Para além dos cuidados gerais inerentes aos vários tipos de disfunção descritos antes, no que respeita à correcção cirúrgica, obviamente indicada, a mesma deverá ser efectuada em centro especializado de cirurgia pediátrica.

Como se pode depreender, a prestação de cuidados implica a colaboração de uma vasta equipa multidisciplinar de enfermeiros, médicos (no âmbito da Pediatria Geral, Medicina Familiar, Cirurgia Pediátrica, Estomatologia, Ortodôncia, Cirurgia Maxilofacial, Otorrinolaringologia, Fisiatria, Genética, etc.), psicólogos, terapeutas da fala, etc..

O seguimento em ambulatório pode ser levado a cabo em instituições com menor nível de diferenciação, a cargo do médico assistente, sendo desejável uma interligação harmoniosa, sem esquecer o papel cooperante e imprescindível da família.

A idade para intervenção cirúrgica é abordada adiante, noutro capítulo, em comparação com a indicada para outros problemas do foro cirúrgico pediátrico.

Complicações

As complicações mais frequentes relacionam-se, sobretudo, com cicatrizes inestéticas, má-oclusão dentária, rinolália, défice auditivo, dificuldades da fala (implicando, por vezes terapia específica), e maior probabilidade de otite média recorrente.

2. ANOMALIAS BUCAIS

Sistematização

O exame objectivo da cavidade bucal (pela inspecção e palpação) permite, na maior parte das vezes, o diagnóstico, não só de alterações congénitas, como adquiridas.

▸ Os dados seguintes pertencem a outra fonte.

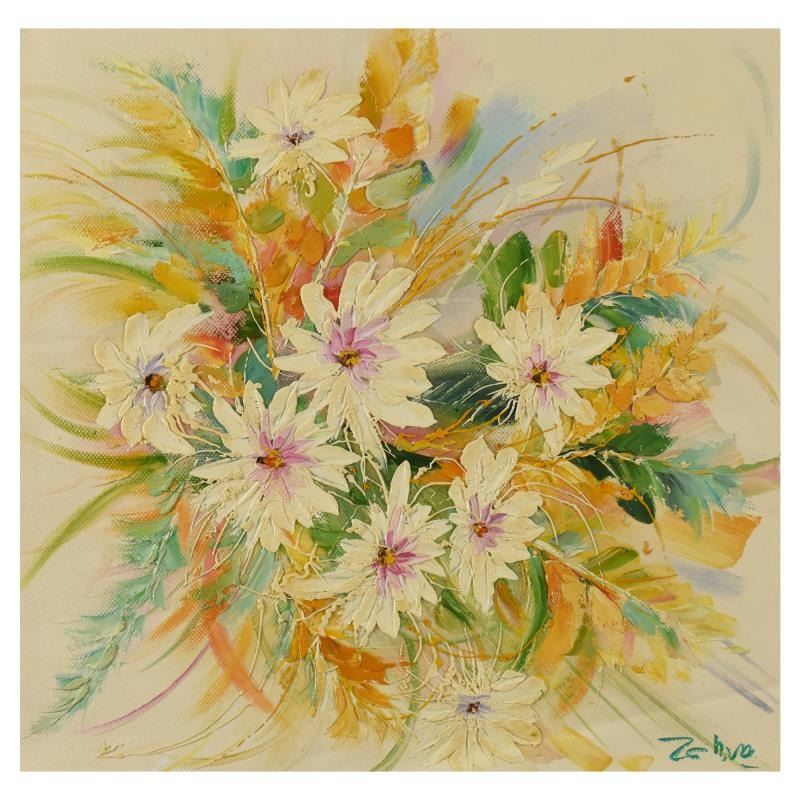This is an original oil painting on canvas by Zahra, hand signed by the artist. Includes Letter of Authenticity. Measures approx. 24" x 24" (image). There is a horizontal crease on the bottom-right part of the image that may be concealed when the piece is framed.

Na perspectiva do cirurgião pediátrico, as principais situações clínicas (algumas correspondendo a variantes fenotípicas) identificadas pelo pediatra ou médico de família que poderão requerer consultadoria ou, eventualmente, intervenção cruenta, são discriminadas a seguir. Dum modo geral, ao encaminhar o caso ao cirurgião, não será necessário proceder a exames complementares.

Rânula

A rânula (do latim Rana = rã) é uma tumefacção esferóide de cor rósea-azulada, que corresponde a quisto de localização sublingual, de dimensões variáveis (tamanho de pequena ervilha ou maior); pode estar em relação com obstrução de canal excretor da glândula sublingual ou de glândula mucosa.

O tratamento é cirúrgico electivo.

Mucocele

A mucocele é uma bolsa quística das glândulas salivares, resultante de obliteração do orifício excretor do canal de Wharton. Pode igualmente tratar-se de quisto com muco acumulado por dificuldade de drenagem de glândula mucosa.

Não tem indicação cirúrgica por ser auto-limitado. (Figura 3)

FIGURA 1. Lábio leporino bilateral.

FIGURA 2. Fenda palatina.

FIGURA 3. Mucocele do lábio inferior.

Anquiloglóssia

Esta variante fenotípica consiste no encurtamento exagerado do freio do lábio inferior impedindo a protusão da língua para além do bordo labial. Sob o aspecto estritamente médico não constitui um verdadeiro problema; contudo, origina certo grau de ansiedade na família pelo facto de “poder dificultar a fala”, o que é controverso. Há casos descritos em que foi demonstrada certa dificuldade na amamentação. Nos casos em que o esforço de protusão origina aspecto de bifidez intermitente da extremidade da língua (desaparecendo quando a mesma se recolhe dentro da boca), nalguns centros, por razões de psicoterapia anti-ansiedade da criança e família, procede-se à incisão do referido freio.

Inserção baixa do freio labial superior

Nesta variante fenotípica, o freio do lábio superior pode ter base de inserção atingindo o bordo gengival superior, o que leva ao afastamento dos incisivos superiores (diastema). Em geral a situação corrige-se até à erupção da dentição definitiva.

No caso de tal não acontecer, nalguns centros procede-se à incisão do freio, o que contribuirá para diminuir ou corrigir completamente o diastema.

Nota importante: poderá verificar-se tumefacção ou dilatação global da glândula sublingual (a glândula que mais directamente está em relação com a cavidade bucal) resultante de obstrução (recorrente) do canal excretor por cálculo. Esta situação, que é mais frequente na submaxilar e parótida (não em relação directa com a mucosa bucal), poderá estabelecer a indicação de sialografia. Como medida simples, está indicado que a criança chupe pastilhas e faça exercícios de mastigação (obviamente em idades apropriadas) no sentido de estimular o débito da secreção salivar; pode proceder-se a massagem/compressão da glândula e, em caso de infecção, a antibioticoterapia.